Rajani Sudan, The Alchemy of Empire: Abject Materials and the Technologies of Colonialism (New York: Fordham University Press 2016) $16.99 EPUB, $25.00 Pb, $85.00 Hb. ISBN: 9780823270675
In The Alchemy of Empire, Rajani Sudan exposes the significant extent to which British Enlightenment science was informed by Indian technology, thus undermining the traditional Orientalist idea that ‘scientific and technological progress developed exclusively in Enlightenment Europe’ (6). Sudan’s analysis of the relationship between British and Indian science in the ‘long’ eighteenth century is centred on the exchange of material culture and commodities. In particular, Sudan discusses surgical cement, mortar, nutmegs, textiles, ice, inoculation, plasters and paper. The book is thematically divided into five chapters, with each chapter focusing upon one or more of these colonial technologies and materials. Fundamental to Sudan’s thesis is the medieval concept of the transmutation of matter, known as alchemy. In the eighteenth century, the practice of alchemy as a protoscience was subsumed by experimental chemistry. However, Sudan proposes that the theoretical and allegorical paradigm of alchemy remained influential into the twentieth century. The Alchemy of Empire treats alchemy as the ‘relationship between attribute and substance’ (8), arguing that the process of ‘transforming materials into knowledge relies on an alchemical mutation’ (5). To exemplify this point, Sudan reasons that the British ascribed marvellous qualities to Eastern base materials such as mud or stone, thus transforming them, through an alchemical paradigm, into ‘something with infinitely more value’ (6).

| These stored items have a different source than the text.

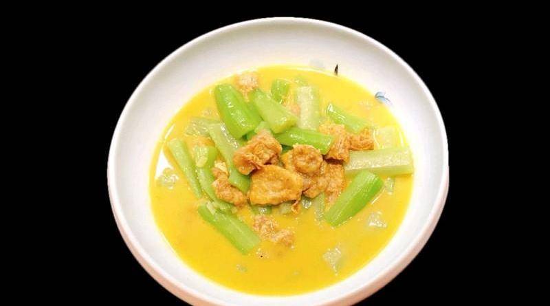 另起鍋燒熱油,放入薑末炒香,加入兩勺高湯大火燒開,下入絲瓜、油渣一同燒三分鐘左右出鍋裝盤即可。
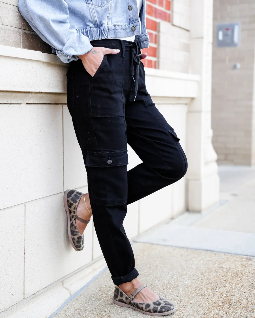 Calças Desportivas de Cintura Subida com Punhos de Carga para Mulher
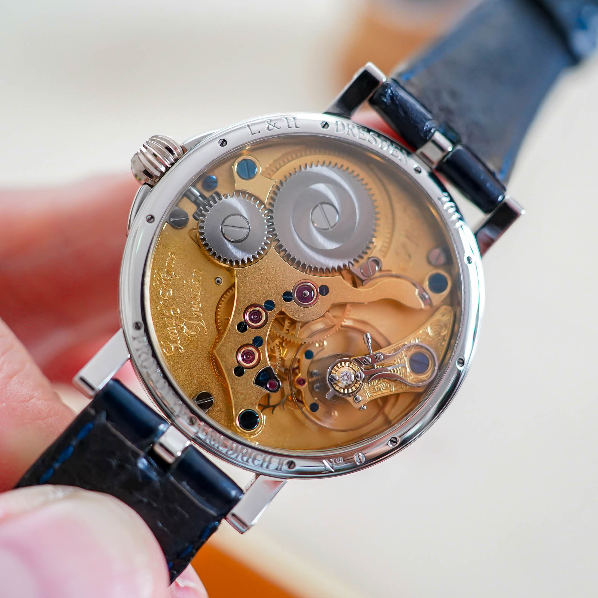 The Lang & Heyne Friedrich II is typically paired with an alligator leather strap and a pin buckle. This ideal closure choice allows for easy, unobstructed viewing of the movement in all its classical golden splendour. This duality – the two distinct faces of the Friedrich II – makes owning (and wearing) this watch such a captivating experience. On the movement side, it evokes a sense of respect for the classics; it plays a traditional tune. When looking at the dial, it makes you hum a lively, almost jazzy tune in contrast. Though the collection is named after the King of Prussia Friedrich II (The Serious), the dial, while undoubtedly a serious example of fine craftsmanship, exudes a playful charm. Impressions are certainly subjective, yet it’s hard to deny the watch’s undeniable allure. The price is set at USD 42,700 for the present platinum edition (about 34k dollars in gold).
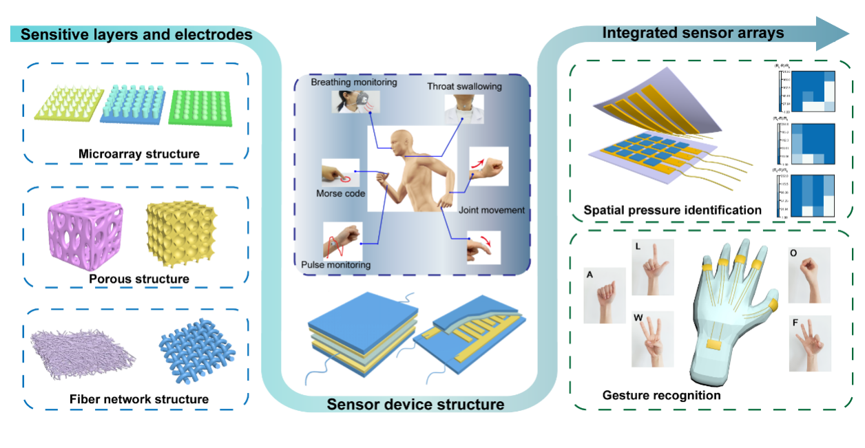 Focusing on the fields of electronic skin, human-computer interaction, health monitoring and healthcare, we developed a series of sensitive layers and electrode layers with micro/nanostructures (such as micro arrays, porous structures, fiber network structures, etc.) to construct flexible wearable pressure sensors with high sensitivity, wide detection range, and fast response characteristics, achieving real-time monitoring of human pulse, respiration, swallowing and joint movement. Furthermore, we used integrated flexible pressure sensor array and artificial neural networks for realizing spatial large area pressure distribution recognition, gesture recognition, and pressure distribution visualization.
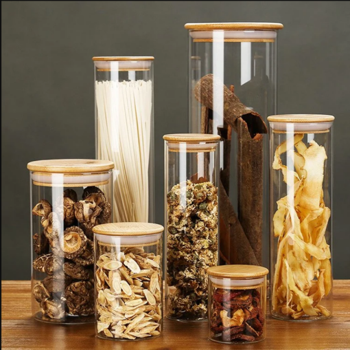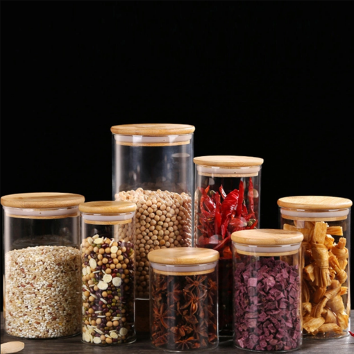 Wholesale Kitchen Container Glass Jar With Eco Friendly Bamboo Lid

Sudan’s study is based upon a range of source material, which can be divided into two main categories. The first of these categories is the reports that members of the British East India Company sent to the Royal Society. These accounts offer an image of Indian science and technology as something that was fascinating, marvellous and wondrous to the British observer. By representing Indian science in this way, these British correspondents endowed Indian scientific techniques with miraculous qualities. Sudan calls this the ‘sublimination’ of Indian science, the process by which ‘alien forms of knowledge are transmuted by the alchemic paradigm into marvels’ (15). The second type of primary evidence is literary; The Alchemy of Empire engages with the poetry and prose of a selection of different British authors, including Daniel Defoe, Alexander Pope, Jane Austen, Bram Stoker and George Orwell. Through a detailed analysis of various sources, Sudan demonstrates that the Indian technology that had once been considered marvellous was in time ‘discarded, forgotten or rewritten as the fruit of British ingenuity’ (15). Sudan calls this the ‘abjection’ of Indian materials. The Alchemy of Empire illuminates the process by which the British came to disregard Indian dominance in the fields of science and technology. The process ‘begins with sublimination and ends with abjection’ (15), and is interwoven into the discourse of British imperial domination.
Chapter One, ‘Alchemy and Empire’, asserts that Britain felt a sense of technological inferiority in the eighteenth-century world, and that this anxiety was informed by the British East India Company’s exchange of techne with India. Sudan finds evidence for this in Alexander Pope’s Windsor Forest and the letters of East India Company correspondents, in particular those of Scottish physician Helenus Scott. For example, in the 1790s, an excited Scott wrote to the head of the Royal Society expressing his amazement regarding the techniques of Indian medicine. Scott described the use of a magical cement that could reattach severed limbs without the need for stitches, noting that this technology was ‘not known among the Europeans’ (33). Whilst a cement with such wondrous qualities had not existed in reality, Sudan explains, Scott’s elevating description of Indian medicine, in addition to his readiness to recognise European technological inferiority, is testament to Britain’s anxieties on the international stage. After all, the commercial relationship between Europe, Asia and Africa was disproportionate, with Europe having little to offer the rest of the world in terms of commodities.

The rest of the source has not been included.